But times have changed, and we need to deal with a new normal. Our customers demand working software, and they wanted it yesterday.
If we can't deliver, they go to a competitor. And competition is fierce. With the Internet, we always have global competition.
We have competitors on our stack that deliver a best-of-breed tool for one aspect of the software we built.
We need to deliver fast, and the product we make must be good. And we should do this with our software production being cheap and quality being high.
To achieve this, we need something like Continuous Delivery.
We need to move towards a situation where the value isn't piled up and released all at once but flows through a pipeline.
Just like in the picture, a piece of work is a marble. And only one part of the work can flow through the pipeline at once.
So, work must be prioritized in the right way. As you can see, the pipeline has green and red outlets.
These are the feedback loops or quality gates that we want to have in place. A feedback loop can be different things:
- A unit test to validate the code.
- An automated build to validate the sources.
- An automated test on a Test environment.
- Some monitor on a server.
- Usage instrumentation in the code.
If one of the feedback loops is red, the marble can't pass the outlet, and it will end up in the Monitor and Learn tray.
It's where the learning happens.
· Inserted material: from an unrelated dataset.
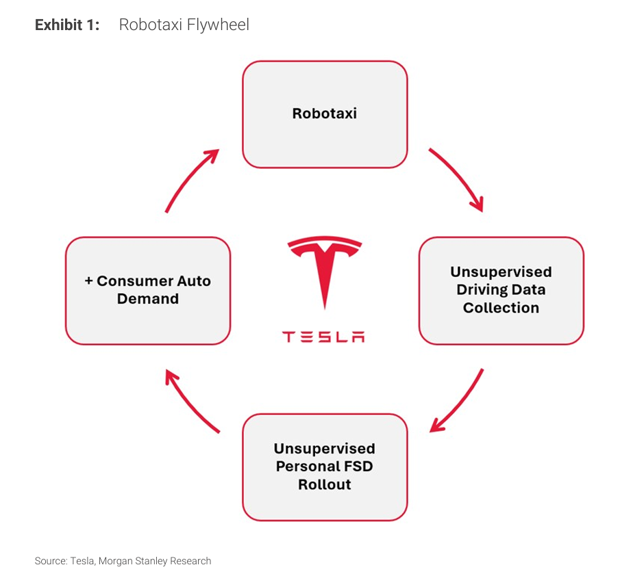 摩根士丹利提出的"Robotaxi飞轮"逻辑是:无监督Robotaxi积累的每一英里行驶数据,都将持续优化底层自动驾驶模型,进而加速个人FSD(完全自动驾驶)的无监督化进程,推动FSD搭载率提升、汽车需求改善及自由现金流增长。这意味着,Robotaxi商业化的成功不仅是出行服务收入的来源,更是提振核心汽车业务的重要杠杆。

The problem is analyzed and solved so that the next time a marble passes the outlet, it's green.
Every single piece of workflow through the pipeline until it ends up in the tray of value.
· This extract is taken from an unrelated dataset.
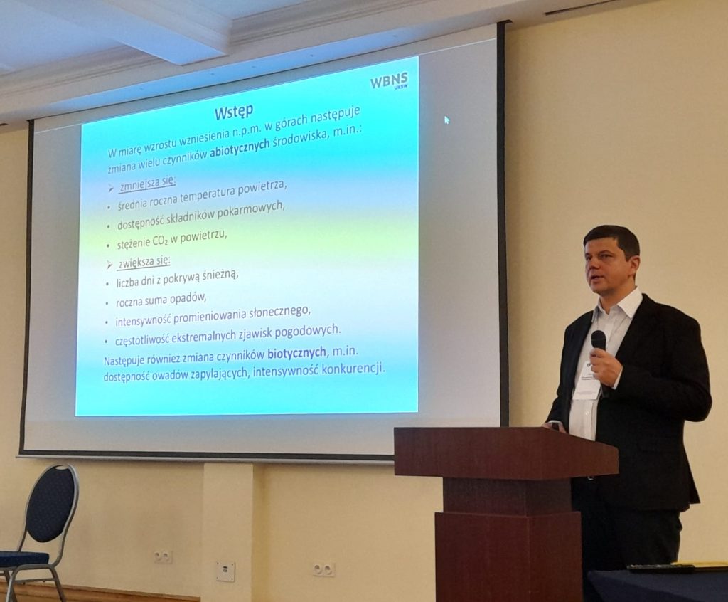 Dr Piotr Kiełtyk zaprezentował wyniki badań roślin tatrzańskich w referacie pt. Zmiany w morfologii i alokacji biomasy wybranych gatunków roślin naczyniowych wzdłuż gradientu wzniesienia n.p.m. w Tatrach.

The more that is automated, the faster value flows through the pipeline.
Companies want to move toward Continuous Delivery.
- They see the value.
- They hear their customers.
- Companies wish to deliver their products as fast as possible.
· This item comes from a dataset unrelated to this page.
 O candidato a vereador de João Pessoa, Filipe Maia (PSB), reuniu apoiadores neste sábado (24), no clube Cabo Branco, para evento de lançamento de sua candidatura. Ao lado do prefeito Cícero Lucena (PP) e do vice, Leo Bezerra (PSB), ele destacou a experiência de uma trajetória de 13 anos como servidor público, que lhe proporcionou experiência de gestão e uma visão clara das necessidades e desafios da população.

- Quality should be higher.
- The move to production should be faster.
- Technical Debt should be lower.
A great way to improve your software development practices was the introduction of Agile and Scrum.
Last year around 80% of all companies claimed that they adopted Scrum as a software development practice.
Using Scrum, many teams can produce a working piece of software after a sprint of maybe two or three weeks.
But creating working software isn't the same as delivering working software.
The result is that all "done" increments are waiting to be delivered in the next release, which is coming in a few months.
We see now that Agile teams within a non-agile company are stuck in a delivery funnel.
The bottleneck is no longer the production of working software, but the problem has become the delivery of working software.
The finished product is waiting to be delivered to the customers to get business value, but it doesn't happen.
Continuous Delivery needs to solve this problem.